Race-Making and Reproductive Medicine in North America, 18301930

AHA Session 61
Society for Historians of the Gilded Age and Progressive Era 2
Friday, January 4, 2019: 8:30 AM-10:00 AM
Salon 7 (Palmer House Hilton, Third Floor)
Evelynn Hammonds, Harvard University
The Medicalization of Rape in US Slavery
Deirdre Cooper Owens, Queens College, City University of New York and Library Company of Philladelphia
Evelynn Hammonds, Harvard University

Session Abstract

This panel examines fraught intersections of race, reproduction, and medicine in North American history. In the nineteenth and early-twentieth centuries, reproduction gained new salience both as an object of medical management, and as a site of racial meaning-making. Race, an unstable category used to interpret human difference and justify the social distribution of power, was conceptually linked to reproduction through its rendering as a hereditary trait passed on through the body of the mother.
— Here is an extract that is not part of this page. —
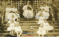 A photograph of the May Queen sitting in front of a decorated Marsh Hall with the May Day court and a group of children in 1917. A lattice backdrop had been placed on the front porch of Marsh Hall and had been decorated with flowers and greenery. Rugs were laid out on the Marsh Hall steps. The caption with the photograph identifies Queen Alvena Howard, Morieta Howard, Helen Brunner, Dorris Mace, Irene Robinson and Betty Clark. The May Day celebration tradition at Pacific University began in 1914, and would continue for over 50 years. A student would be crowned 'Queen of the May'. The event would often include a double-line procession from the Carnegie Library to the west side of Marsh Hall. A luncheon, singing, athletic competitions and other activities would be enjoyed by students and members of the Forest Grove community. A maypole would be erected and young ladies dressed in white would wind ribbon around it. This picture appears in an album that was compiled by Greta McIntyre Sheeley, a 1920 Pacific University graduate.

In both the nineteenth-century U.S. and Mexico, the burgeoning medical fields of obstetrics and gynecology helped construct categories of race by theorizing and materially intervening on reproductive bodies.

This panel will explore the historical linkage of race and reproduction within multiple arenas: the institution of chattel slavery; practices of obstetrical intervention and experimental surgery; theories of defective embryological development; and debates over black infant mortality. Each presentation explores one context in which medical meanings of reproduction interfaced with the racial politics of nineteenth- and early twentieth-century North America. In this way, the panel contributes to a growing scholarship centering the significance of reproductive medicine in understanding historical formations of race.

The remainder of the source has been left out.